• **DATA EXTRACTS**
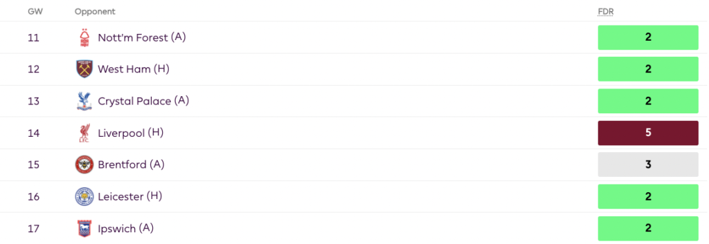 Moving forward, new manager Amorim could also deploy a wing-back system at United, making Dalot a much better FPL asset. With great fixtures, good attacking upside, and being the most nailed defender in this United side, managers looking for a defensive transfer should look at Dalot this GW.
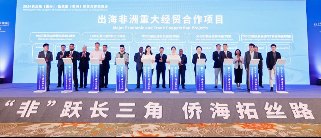 6月19日,2024长三角(嘉兴)·新丝路(非洲)经贸合作交流会在浙江省嘉兴市举办,坦桑尼亚和尼日利亚等多个非洲国家大使,以及来自非洲的40多个企业组织组成的商贸团参加交流会。
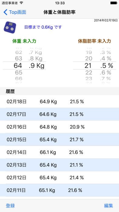 ・体重、体脂肪率の記録
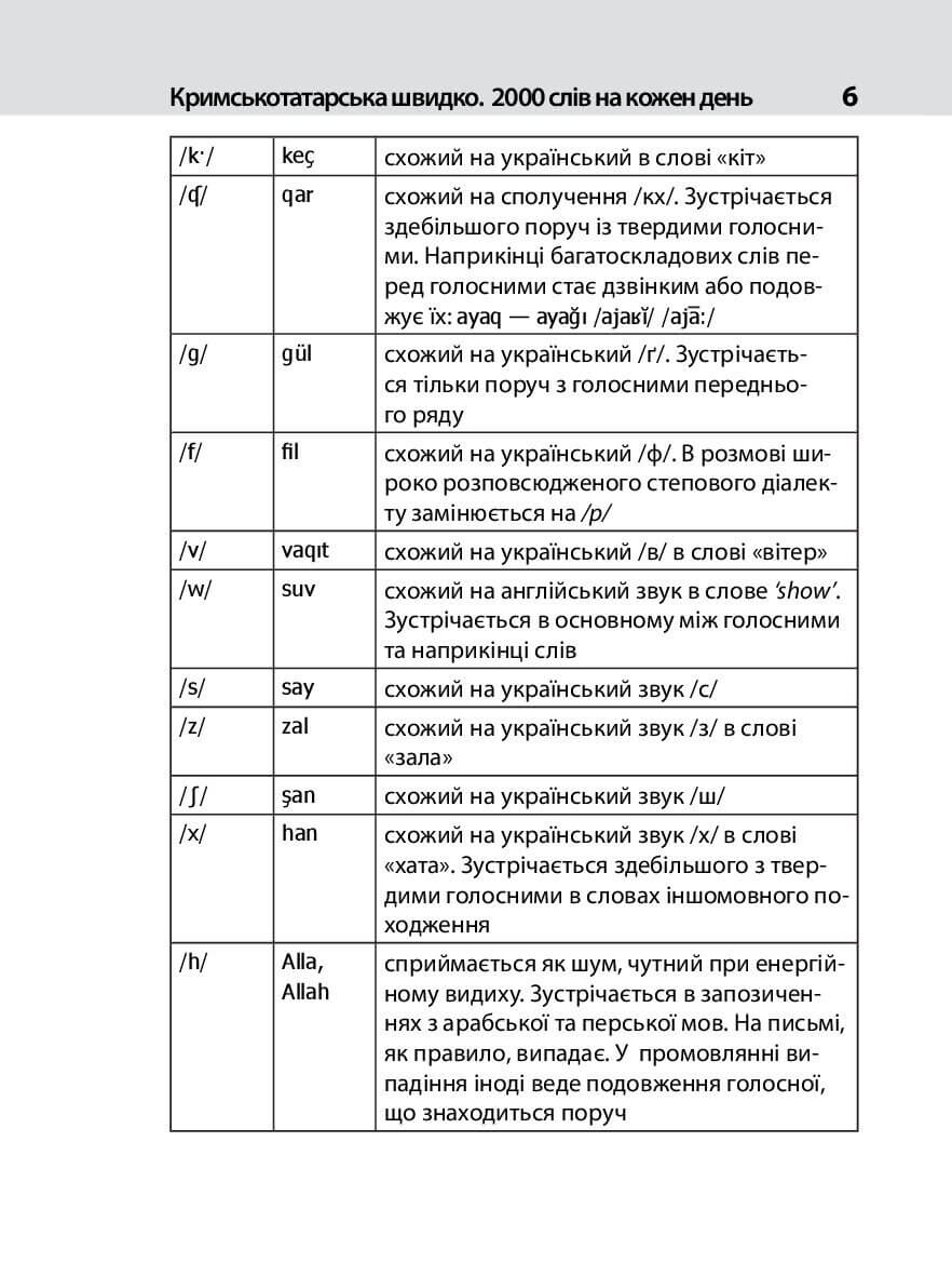 Посібник буде корисний тим, хто вивчає кримськотатарську мову з початкового рівня. Він містить матеріал в межах розповсюджених тем спілкування як підлітків, так і дорослих співрозмовників. Весь лексичний матеріал посібника супроводжується перекладом українською мовою, що дає значні можливості працювати не тільки з допомогою вчителя, а й самостійно, легко контролюючи, наскільки добре ви запам’ятали значення слів і речень.
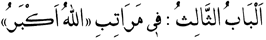 * Üçüncü Bãb: Allahü Ekber’in Mertebeleri.
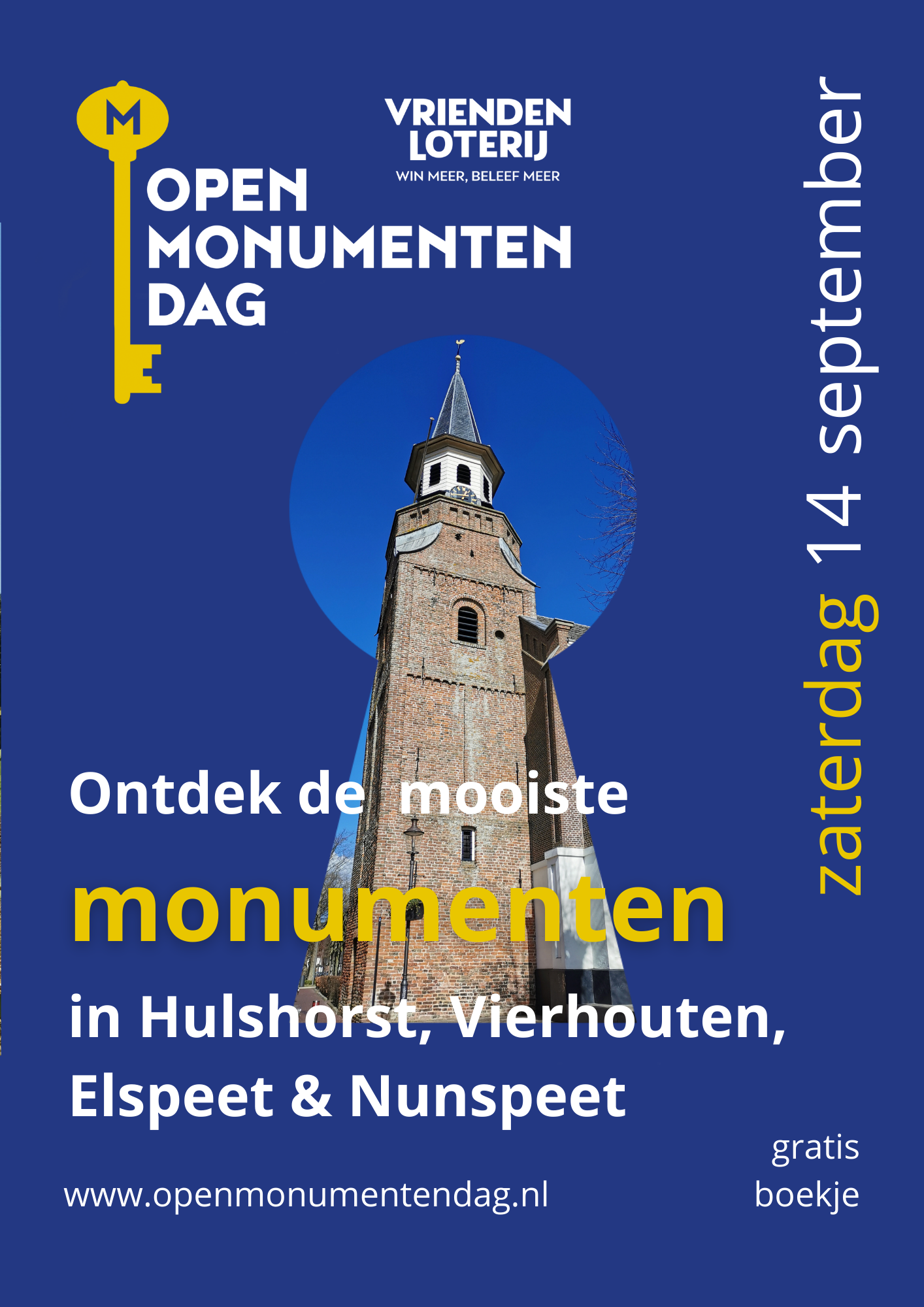 Op zaterdag 14 en zondag 15 september openen door het hele land weer duizenden monumenten gratis hun deuren voor het grote publiek, tijdens de 38ste editie van de VriendenLoterij Open Monumentendag. Open Monumentendag verbindt mensen met monumenten en laat zien dat de verhalen en schoonheid van monumenten een verrijking voor onze leefomgeving en voor onszelf zijn. Het is met jaarlijks ruim een miljoen bezoekers (2023: 1,5mln) het grootste gratis culturele evenement in Nederland. Beleef en ontdek monumenten tijdens het Open Monumentendag weekend op zaterdag 14 en zondag 15 september. Kijk voor alle activiteiten en de gratis opengestelde monumenten in de buurt op www.openmonumentendag.nl.
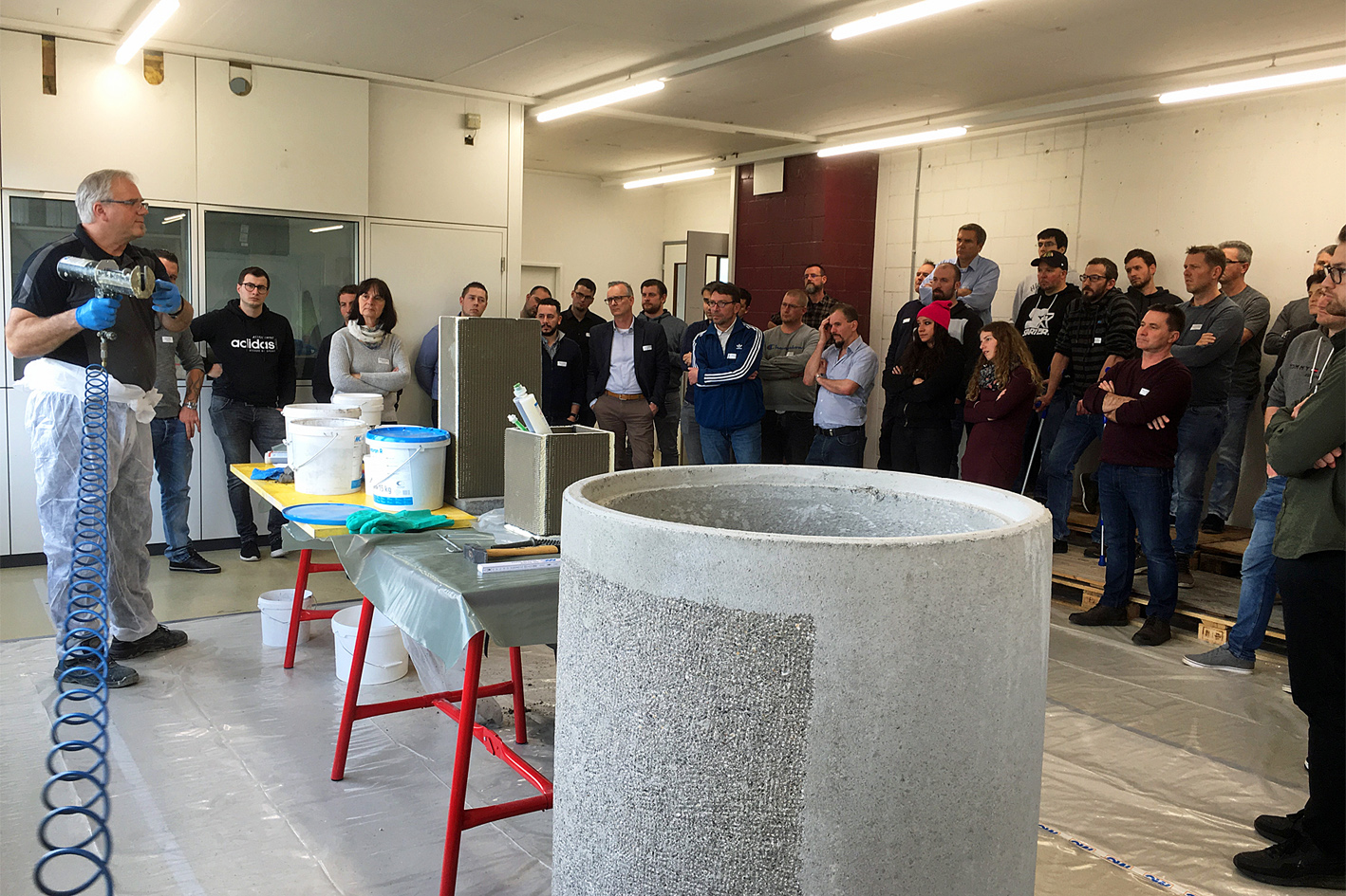 Darüber hinaus wurden bei der wieder einmal ausgebuchten Veranstaltung die einzelnen Sanierungsschritte von der Untergrundvorbereitung über die Abdichtung bis hin zur mineralischen Reprofilierung und Beschichtung sowie die zugehörige Qualitätssicherung ausführlich behandelt und auch selbständig praktisch angewandt.

• **PROBLEM STATEMENT**
The answer must be an exact copy of every record above, minus the pictures.

• **REPLY TO THE EXERCISE**
 Moving forward, new manager Amorim could also deploy a wing-back system at United, making Dalot a much better FPL asset. With great fixtures, good attacking upside, and being the most nailed defender in this United side, managers looking for a defensive transfer should look at Dalot this GW.
 6月19日,2024长三角(嘉兴)·新丝路(非洲)经贸合作交流会在浙江省嘉兴市举办,坦桑尼亚和尼日利亚等多个非洲国家大使,以及来自非洲的40多个企业组织组成的商贸团参加交流会。
 ・体重、体脂肪率の記録
 Посібник буде корисний тим, хто вивчає кримськотатарську мову з початкового рівня. Він містить матеріал в межах розповсюджених тем спілкування як підлітків, так і дорослих співрозмовників. Весь лексичний матеріал посібника супроводжується перекладом українською мовою, що дає значні можливості працювати не тільки з допомогою вчителя, а й самостійно, легко контролюючи, наскільки добре ви запам’ятали значення слів і речень.
 * Üçüncü Bãb: Allahü Ekber’in Mertebeleri.
 Op zaterdag 14 en zondag 15 september openen door het hele land weer duizenden monumenten gratis hun deuren voor het grote publiek, tijdens de 38ste editie van de VriendenLoterij Open Monumentendag. Open Monumentendag verbindt mensen met monumenten en laat zien dat de verhalen en schoonheid van monumenten een verrijking voor onze leefomgeving en voor onszelf zijn. Het is met jaarlijks ruim een miljoen bezoekers (2023: 1,5mln) het grootste gratis culturele evenement in Nederland. Beleef en ontdek monumenten tijdens het Open Monumentendag weekend op zaterdag 14 en zondag 15 september. Kijk voor alle activiteiten en de gratis opengestelde monumenten in de buurt op www.openmonumentendag.nl.
 Darüber hinaus wurden bei der wieder einmal ausgebuchten Veranstaltung die einzelnen Sanierungsschritte von der Untergrundvorbereitung über die Abdichtung bis hin zur mineralischen Reprofilierung und Beschichtung sowie die zugehörige Qualitätssicherung ausführlich behandelt und auch selbständig praktisch angewandt.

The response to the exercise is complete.